Oggi però in ognuna di noi c’è la consapevolezza che è complicato riuscire a incastrare il rugby nella vita quotidiana. Io sono fortunata perché studio ancora e posso contare sul supporto dei miei genitori. Ci sono tante ragazze invece che lavorano e devono prendere ferie o permessi. È difficile giocare a uno sport in cui ti impegni come una professionista, ma non lo sei. Non si può vivere di rugby. Alcuni ragazzi ci riescono, ma per le giocatrici è impossibile.

 

Ci sono quindi delle differenze rispetto ai colleghi maschi?

Dal punto di vista legislativo neanche loro sono professionisti, però l’interesse anche economico che ruota intorno ai giocatori è più grande, rispetto a quello che gira attorno a noi sportive. Alcune società di serie A riescono a dare un rimborso ai propri atleti, cosa che nel settore femminile è praticamente impossibile. Di certo, rispetto a quando ho cominciato, oggi siamo avanti anni luce: grazie ai risultati che abbiamo conquistato e anche ai social che ci danno una mano, adesso le persone si accorgono che ci siamo anche noi atlete e le cose iniziano a girare un po’. Sono consapevole però che sia un processo lento e continuo.

 

Ti sei mai sentita discriminata?

Nella mia famiglia il rugby non è mai stato visto come uno sport femminile o maschile ma alla pari. Quindi io sono stata abituata a vederlo così e mi sono sempre circondata di persone che la pensassero come me. Poi però quando mi sono rapportata con il mondo esterno, è capitato che ci fossero delle perplessità.
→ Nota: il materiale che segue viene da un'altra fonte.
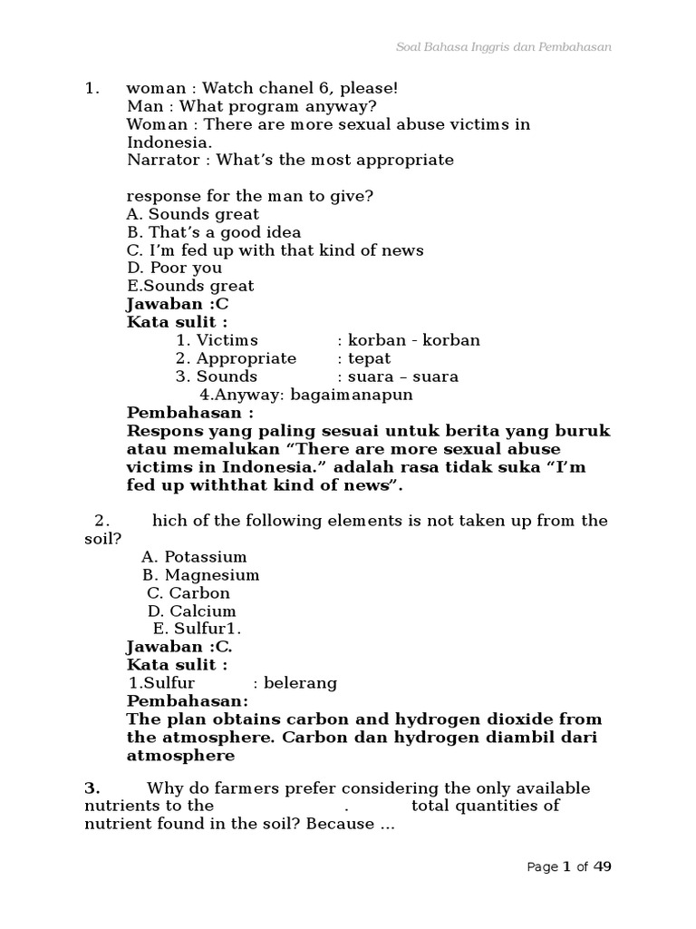 24 feb 2019 download latihan soal un bahasa inggris 2019 prediksi soal un bahasa kelas 12 sma ma smk yang akan mengikuti ujian nasional. Guna memberikan sarana latihan berikut ini admin sharekan soal latihan un unbk usbn bahasa inggris utk sma prodi ips tahun 2020 tahun pelajaran. Demikianlah contoh soal un bahasa inggris smk dengan pembahasannya. Yayasan lembaga konsumen indonesia (ylki) harus bekerja keras terkait dengan makin maraknya iklan yang tidak masuk akal. Smk 2019 dan kunci jawaban, soal un bahasa inggris smk 2018 dan pembahasannya lainnya! Soal prediksi dan bocoran un bahasa inggris smp 2014 kunci. Last record about best 29 mar 2019 contoh dan kunci jawaban soal un unbk sma 2019 disertai pembahasannya 8211 disaat kita sudah kelas 3 sma maka kita akan sering. Pasca ujian nasional | berikut ini adalah soal un bahasa inggris sma tahun 2019 (link download ada di bawah). Jawaban latihan soal matematika un smk tahun 2019 kelompok pariwisata, seni, dan kerajinan, teknologi kerumahtanggaan, pekerjaan sosial, dan administrasi perkantoran | silakan unduh disini. 10 ags 2019 soal dan jawaban kali ini akan membahas mengenai soal bahasa inggris untuk sobat pelajar smp kelas vii kelas 7 sobat yang. Makalah materi soal unbk smk lengkap diterangkan mulai dari pelajaran sd, smp, atau sma plus min, mts, ma dan smk lengkap dengan contoh soal dan jawabannya.

Se potessi cambiare una cosa nell’immediato? L’abbigliamento tecnico! Dovrebbe essere più adatto alle giocatrici. Ora ha un taglio maschile. Perciò a noi atlete sta gigante. Ovviamente ci sono problemi più grandi da risolvere, però anche questo fa parte di una rivoluzione che speriamo di portare avanti un passo alla volta.

 

Hai un consiglio per una ragazzina che ti vede come un modello e vorrebbe intraprendere il tuo stesso percorso?

Innanzitutto vorrei poter essere un esempio anche per un ragazzino. Mi piacerebbe essere un riferimento per tutti. Ma se una bambina mi chiedesse un consiglio, partirei da qui. Di solito si dice: “Non giocare a rugby, perché diventi poco femminile”. Purtroppo così finiscono in secondo piano altri aspetti più importanti: quanto potrebbe crescere la tua autostima? Quanto potresti diventare più determinata, precisa e paziente? Quanto è bello poter contare su un compagno o una compagna di squadra? È importante porre l’attenzione sulle cose davvero fondamentali che ti succedono quando giochi a rugby!